Let me be clear. This is not a rally for a particular Christianity over another. It is an invitation to imagine:

  • That our voices might matter in the public arena.
  • That we might indeed believe that what we have to say can contribute to theological dialogue.
  • That what we preach, how we shape the ethos of a congregation, might indeed move out into a world that needs to know it is loved.
  • That we are willing to take the next step that puts our theology on the line, not for the sake of saving theology but for the sake of imagining theology in new and different ways.

What if the future of the church was given to you? Surely, seminary faculty, ecclesial staff, could come alongside you. And we should, if we are doing our job.

But imagine if you were the ones offering eschatological imagination? Articulating the activity of God? And, one would hope, refusing to hide behind hopeless predictions. Refusing to succumb to stated inevitables because at the end of the day we trust the Spirit.

I find myself barely able to catch my breath when the breath of God is not assumed. I find myself in want for the Spirit when the church narrates only death. I find myself in search of other truths when in fact the Truth reveals itself in this text and always.

Dear Working Preachers, what will this Epiphany be for you? Will you go through the motions or will you point to how all of us are called to point—to give witness—to how God is present, to how Jesus reveals God, to how the Kingdom of God is here and now and actually makes a difference for our here and now?

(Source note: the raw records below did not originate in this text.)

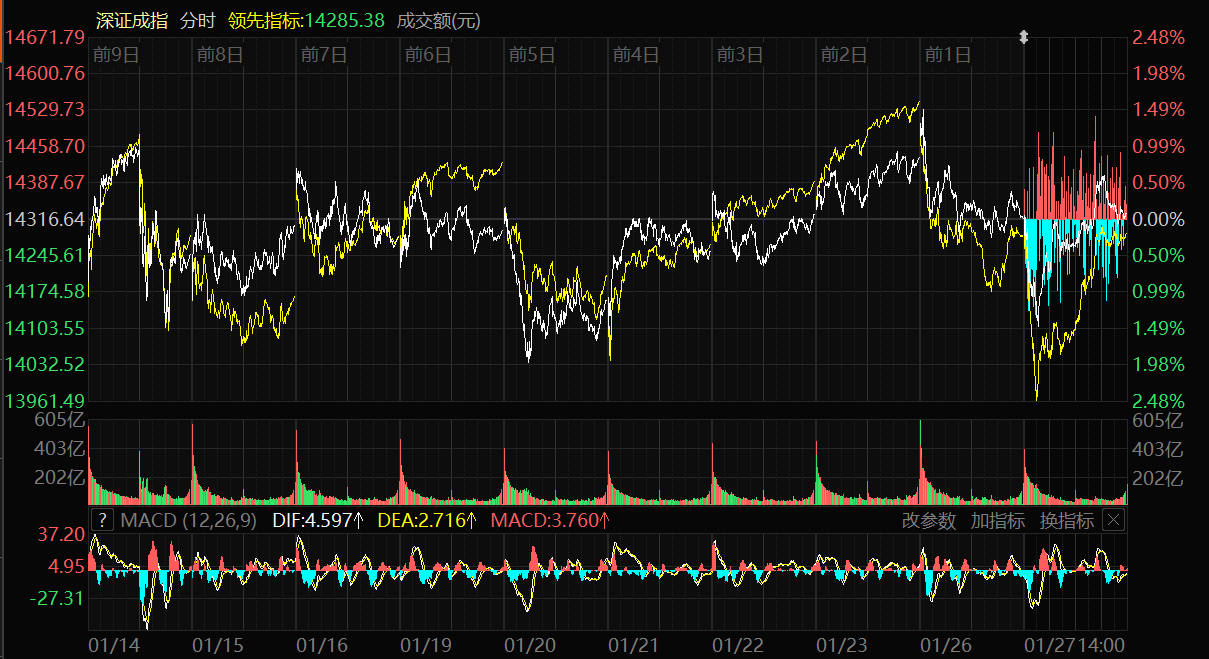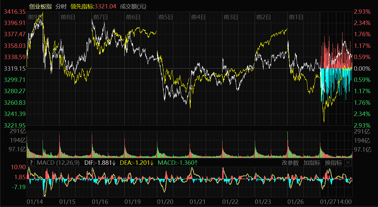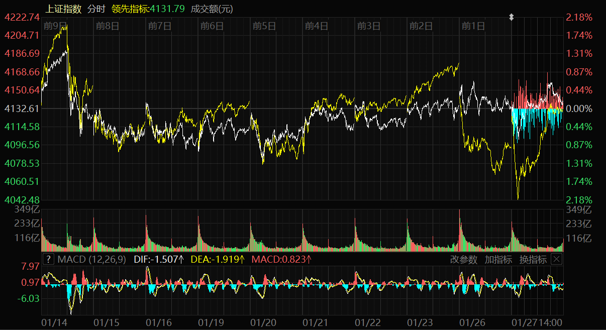 天山網(wǎng)-新疆日報訊(記者冉虎報道)1月27日,A股三大指數(shù)集體上漲。截至收盤,上證指數(shù)漲0.18%,報收4139.90點(diǎn);深證成指漲0.09%,報收14329.91點(diǎn);創(chuàng)業(yè)板指漲0.71%,報收3342.60點(diǎn)。滬深京三市成交額達(dá)29217億元,較昨日縮量3593億元。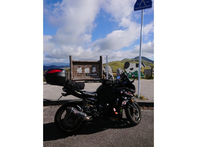 大観峰到着! 宿を出た時は晴れていたのに… 雲が〜(笑)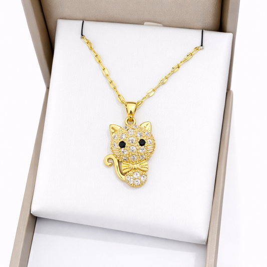 Uitverkochtelegante kattenketting met dubbele kattenhanger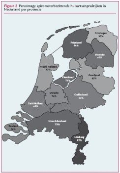 - Anno 2007 beschikken vrijwel alle Nederlandse huisartsenpraktijken over een faciliteit voor spirometrie, bijna tweederde beschikt zelfs over een eigen spirometer.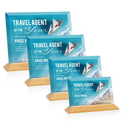 The prestigious Starfire Crystal Embassy VividPrint Award reflects timeless beauty with its deeply beveled edges. Available in four stunning base options: High Polish Piano Finished Rosewood, polished Black, Bamboo, or Walnut. Available horizontal or vertical.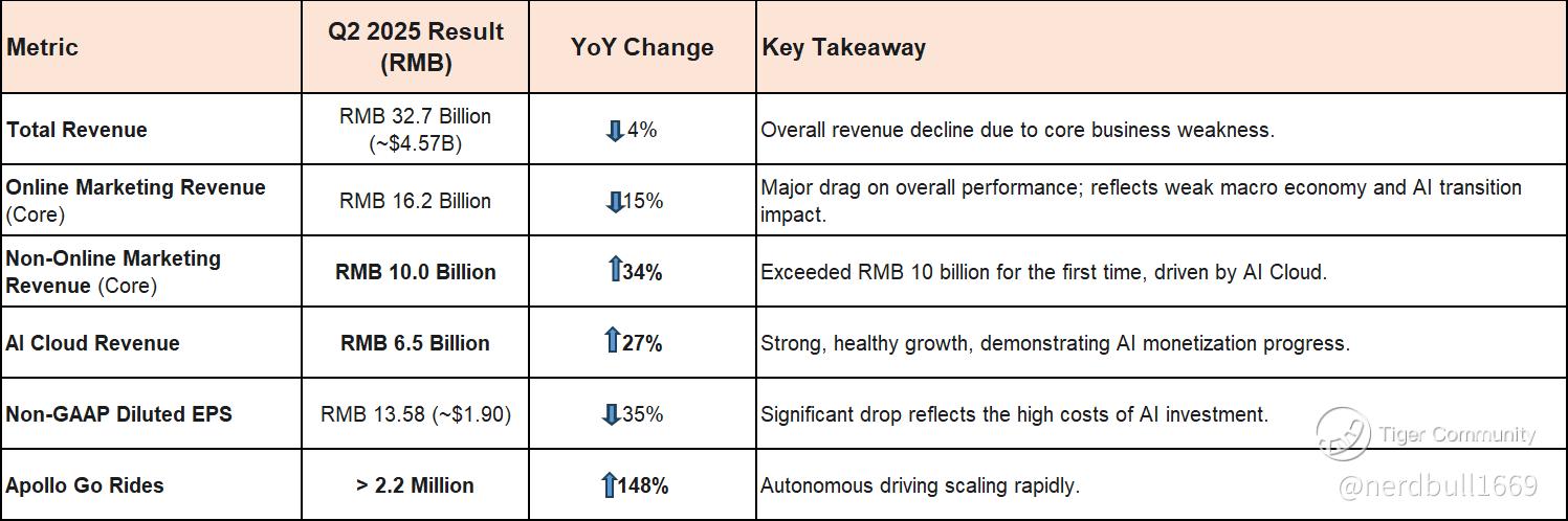 High AI Investment Costs: The large decrease in Non-GAAP EPS ($1.90, down 35% YoY) was a direct result of substantial investments in AI infrastructure (e.g., purchasing GPUs, R&D) necessary to power its ERNIE large language model and AI Cloud services.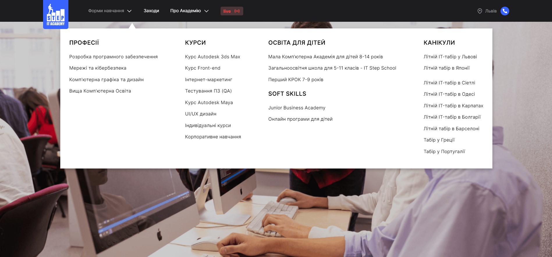 Українська комп’ютерна академія, заснована у 1999 році. IT Step Academy навчає майбутніх програмістів, дизайнерів і системних інженерів, має філії в Україні та ще 16 країнах, пропонує очне та онлайн-навчання та курси для дітей від семи років.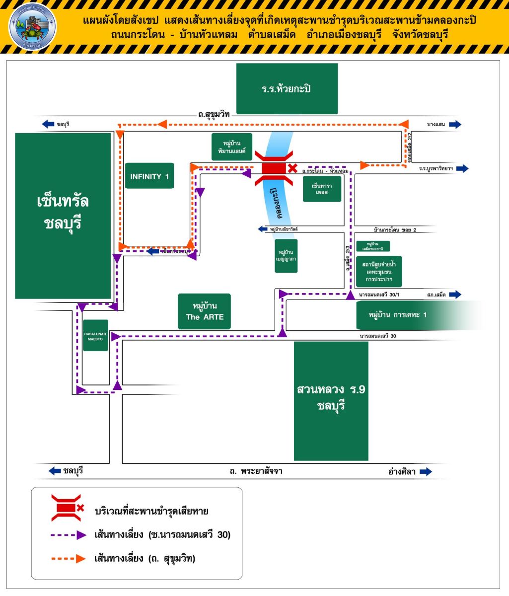 (16.55 น.) เทศบาลตำบลเสม็ด อ.เมืองชลบุรี ประกาศเทศบาลตำบลเสม็ด เนื่องด้วยขณะนี้ ได้เกิดเหตุคอสะพานทรุดตัวเนื่องจากฐานรากชำรุด บริเวณสะพานข้ามคลองกะปิ ถนนกระโดน - หัวแหลม ตำบลเสม็ด จึงขอประชาสัมพันธ์ "ให้รถทุกชนิดห้ามผ่านบริเวณดังกล่าว" เพื่อความปลอดภัยของพี่น้องประชาชน จนกว่าจะดำเนินการซ่อมแซมให้สามารถใช้งานได้ตามปกติ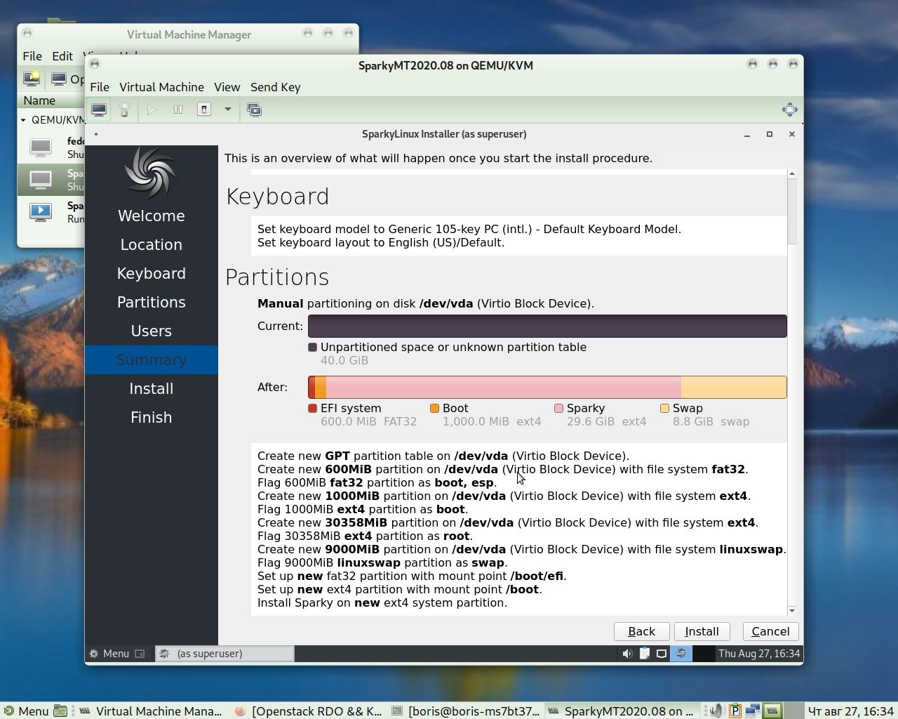 Following below is verification deployment os SparkyLinux 2020.08 as KVM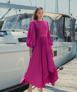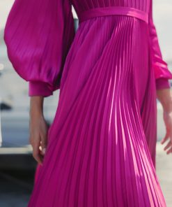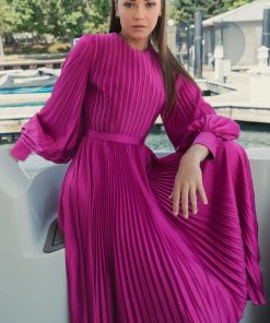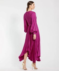 Embrace timeless elegance in this stunning handkerchief dress. Crafted from pleated satin fabric, this dress features a high neckline and long cuffed sleeves, making it the perfect wedding guest or cocktail party dress.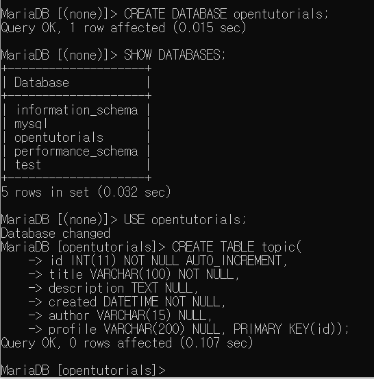 MySQL 데이터베이스 생성> CREATE DATABASE 만들고자하는 데이터베이스 이름;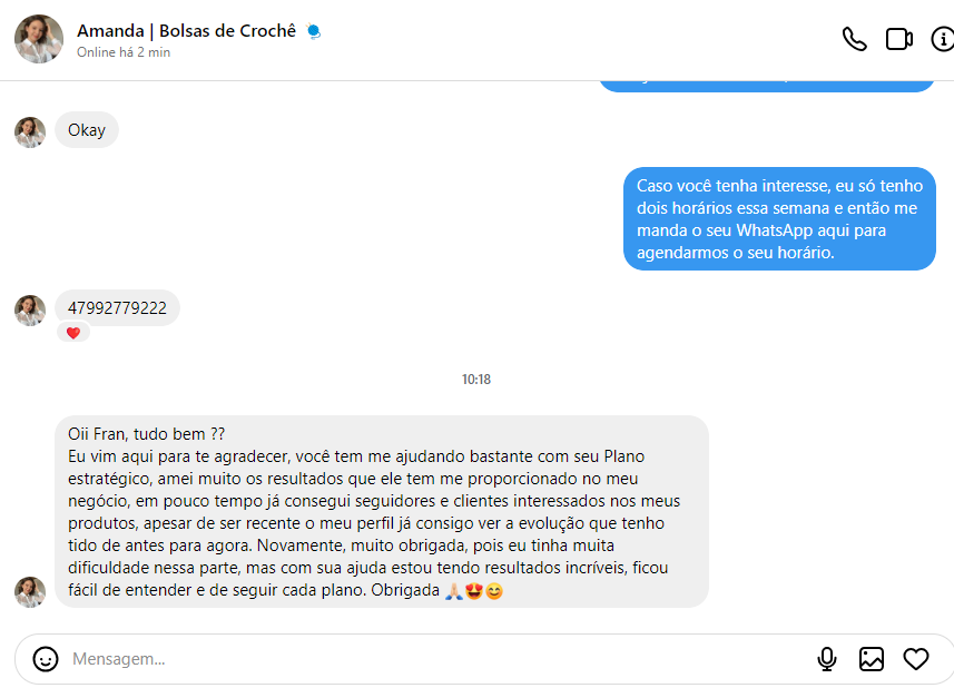 Olá, sou Franciely Chagas, gestora de projetos digitais. Auxilio empresas a se posicionarem de forma estratégica nas redes sociais, aplicando ações de marketing que aumentam vendas e visibilidade. Com soluções personalizadas, meu foco é gerar engajamento e resultados concretos.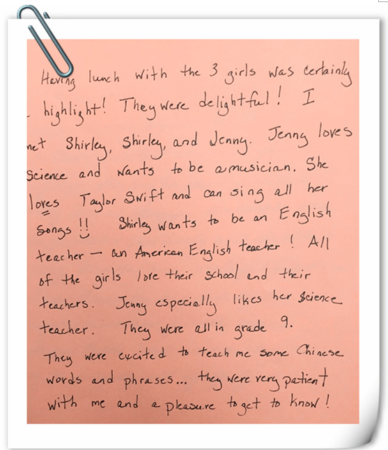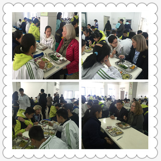 《杭州超限教育中心李林2016年3月15日訊》 2016年3月14日午餐時(shí)間,公益中學(xué)的學(xué)生餐桌上迎來(lái)了五位美國(guó)校長(zhǎng)。餐桌上笑聲不斷,同學(xué)們一邊享受美食一邊用英語(yǔ)和校長(zhǎng)們談天說(shuō)地,從自我介紹到興趣愛(ài)好,從人文地理到學(xué)科學(xué)習(xí),似乎有聊不完的話題。同學(xué)們絲毫沒(méi)有顯露膽怯和不自信,這給美國(guó)友人們留下了積極、陽(yáng)光的印象。幾位美國(guó)校長(zhǎng)在交流會(huì)上不停地稱贊公益人流暢的口語(yǔ)和充滿正能量的個(gè)性,并在結(jié)束時(shí)紛紛要求和同學(xué)們合影留念。餐桌上多了公益孩子們燦爛的笑容,這也是幾位遠(yuǎn)道而來(lái)的貴客難忘的回憶。

Embodying Epiphany has been and still is the church’s challenge, the preacher’s challenge, the challenge of all who dare testify to Jesus as the “I AM” in our world. The Word made flesh.

And so, a sermon on this Second Sunday after Epiphany should communicate this need, this urgency, and this necessity. If we don’t, we capitulate to the assumption that God’s revelation doesn’t matter or worse, that we are incapable of seeing it.